On a few occasions over the last decade Tomlinson’s voice has appeared woolier, less focused and less powerful than his glory days, which one assumed was a natural part of the ageing process. Not so here, however, in an assumption of the part of Boris Ismailov, the brutish merchant. He owned the stage at each and every appearance, the embodiment of male power and an archetypal overbearing letch. The performance was everything one might hope for in this celebration of a great man’s contribution.

Making his ROH debut, American tenor Brandon Jovanovich was an eminently believable Sergei, a role he has recently sung both at the Vienna State Opera and at the Salzburg Festival. His voice is strong and large (he will sing Walther von Stolzing in Die Meistersinger for Paris Opéra and San Francisco Opera, for example) and his presence virile; he makes the perfect foil for the deliberately blander Zinovy Ismailov of John Daszak.

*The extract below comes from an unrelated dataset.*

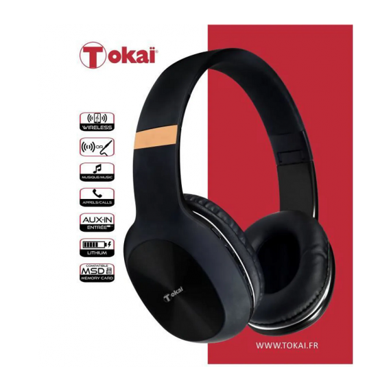 CASQUE SANS FIL TOKAI CA159N - Connectivité Bluetooth 5.0 - Pliable - Fonctions Musique et AUX-IN - Entrée carte mémoire Micro SD pour fichiers MP3 - Connexion sans fil ou par câble jack 3.5 mm - Batterie 250mAh - Autonomie jusqu'à 6 heures - Couleur Noir

One of the strongest portrayals of the evening in a performance that set the bar stratospherically high was mezzo Aigul Akhmetchina’s coquettish floozy Sonyetka. Surprisingly the only Russian in the cast (difficult to believe if one closed one’s eyes and listened to the diction), Akhmetchina embraced the sordidness of her part with supreme aplomb. Akmetshina is a Jette Parker Young Artist and clearly has a fine career ahead of her. She is next up at Covent Garden as Preziosilla (La forza del destino).

The smaller roles of Shabby Peasant (Peter Bronder) and, in particular, the Priest of Polish bass Wojtek Gierlach, are well taken. Gierlach’s voice has huge resonance; nice to see Paata Burchuladze as the Old Convict, too.

The performance on April 27 will be recorded by BBC Radio 3 for future broadcast.